E’ davvero curioso e tipicamente italiano che il premier Romano Prodi, cattolicissimo, commenti così l’arresto di Marina Petrella [a sinistra in foto di repertorio], ex Br rifugiatasi in Francia con l’assicurazione che garantiva, fino al caso Battisti, la cosiddetta “dottrina Mitterrand”: “Grande soddisfazione per la brillante operazione. L’arresto – ha aggiunto il premier – dimostra l’importanza della cooperazione internazionale in tema di lotta alla criminalità e al terrorismo. Confidiamo che la richiesta di estradizione già avanzata negli anni scorsi possa essere presto soddisfatta. Con questo arresto – ha concluso Prodi – siamo certi si potrà cercare di fare luce su uno dei periodi più bui, tragici e assurdi della nostra storia repubblicana”.

Cominciasse lui a fare luce su quel periodo, visto che ci sta immerso da quasi trent’anni: il cattolicissimo premier stava infatti seduto a un tavolino a fare una seduta spiritica, quando emerse il nome “Gradoli” – e si andò a cercare Moro a Gradoli, non in via Gradoli a Roma, covo delle Br. Un bell’atto di occultismo: della notizia che poteva salvare la vita al presidente Dc. In realtà, visto che non possiamo non dirci cattolici e ai medium non crediamo, una bufala: da dove Prodi seppe di “Gradoli”?

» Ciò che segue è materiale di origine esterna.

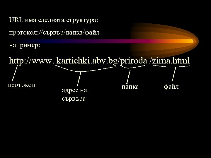URL има следната структура: протокол: //сървър/папка/файл например: http: //www. kartichki. abv. bg/priroda /zima. html протокол адрес на сървъра папка файл
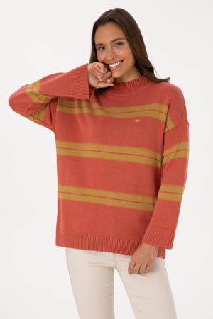 Kadın Balıkçı Yaka Çizgili Gül Kurusu Kazak
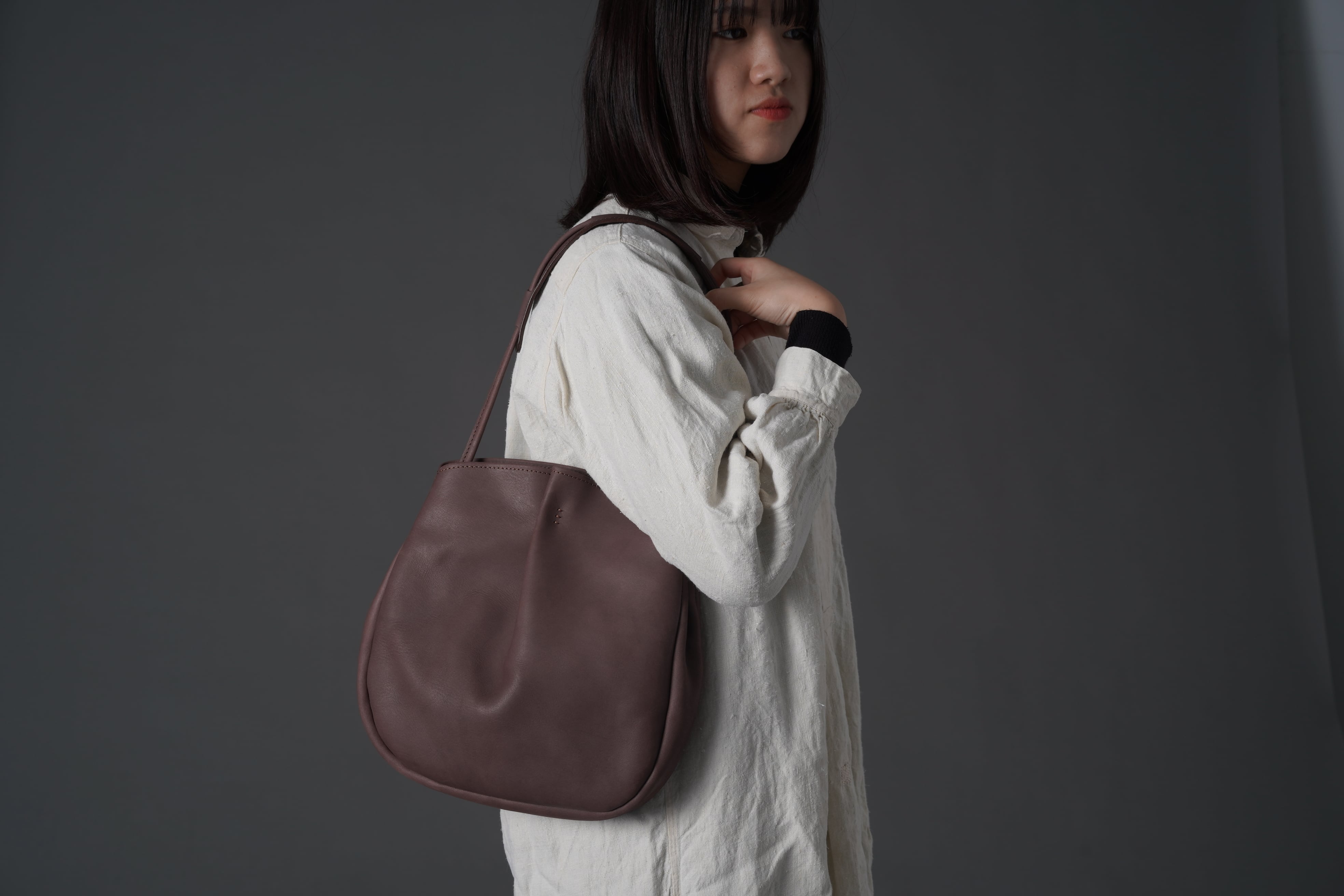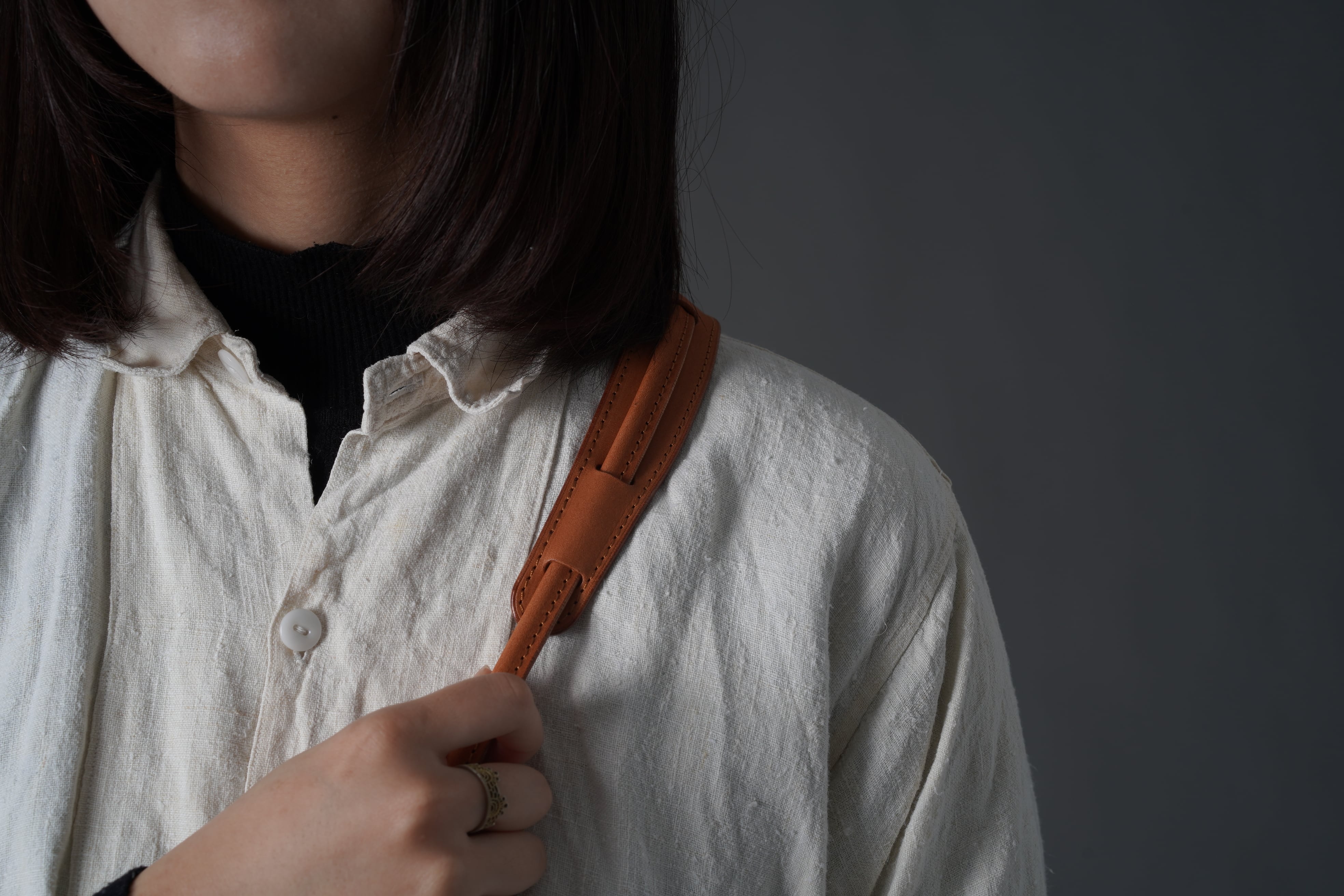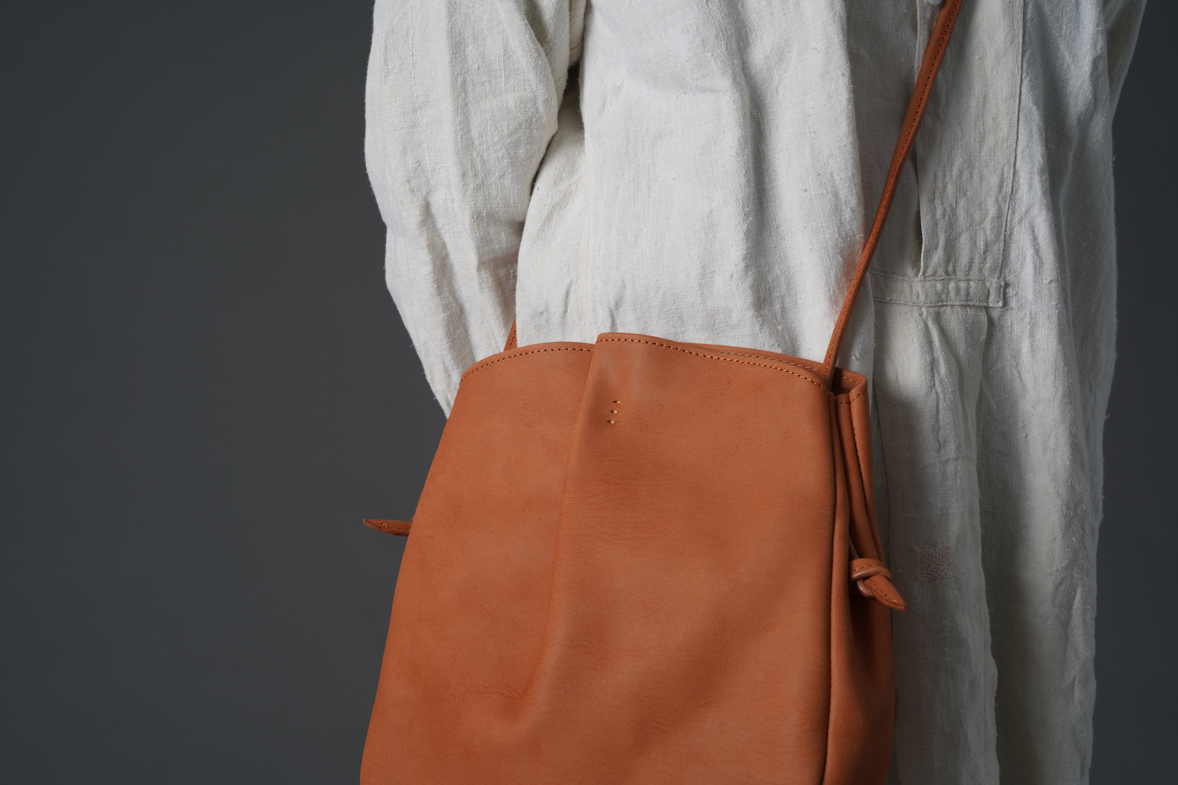 ストラップの結び目で使いやすい長さに変えれば、斜め掛けから短く肩掛けにもできます。
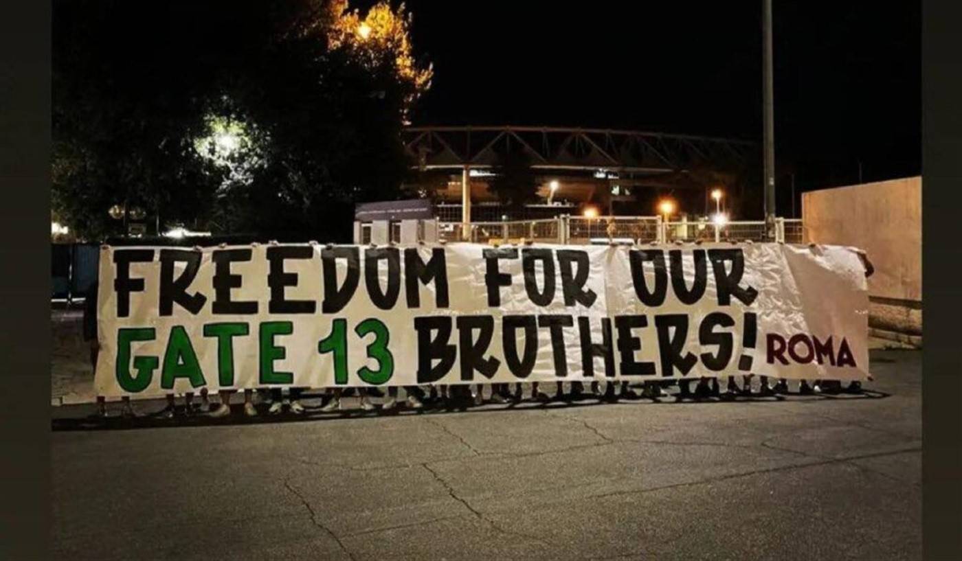 Ξεφτιλισμένη μια ζωή! Η Θύρα 13 «ανέβασε» πανό της Ρόμα που ζητά να απελευθερωθούν οι δολοφόνοι! (photo)
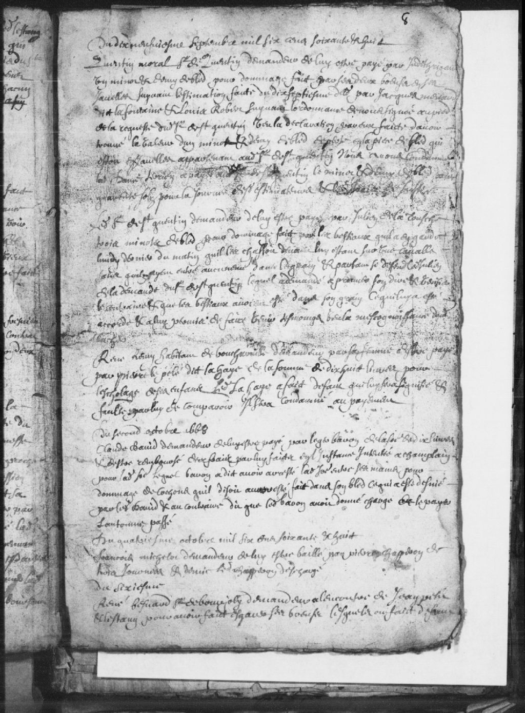 Requête de René Bénard (Besnard), sieur de Bourjoly, demandeur, à l'encontre de Jean Petit et Létang (Lestang) pour avoir fait égarer ses boeufs. Lesdits Petit et Létang (Lestang) ont fait défaut, 6 octobre 1668, Archives nationales à Trois-Rivières, Fonds Juridiction royale des Trois-Rivières, (04T,TL3,S11,P992).

E’ soltanto un rilievo superficiale, a fronte della gravità di quanto sta accadendo in queste ore. Iniziamo da questo: Marina Petrella non è una terrorista.Marina Petrella è stata una terrorista, piuttosto. La “brillante operazione” che soddisfa tanto Romano Prodi nasce da un casuale controllo effettuato da una pattuglia della polizia stradale. C’è una lista, inviata ai tempi del governo Berlusconi a quello francese, in cui sono indicati i nomi dei rifugiati che l’Italia desidera siano estradati. Poco è cambiato da Berlusconi a Prodi: quella lista è la pietra tombale su una promessa fatta da un Presidente di Francia, rispettata da nove primi ministri e, di colpo, inapplicata. Con quali effetti andiamo a vedere.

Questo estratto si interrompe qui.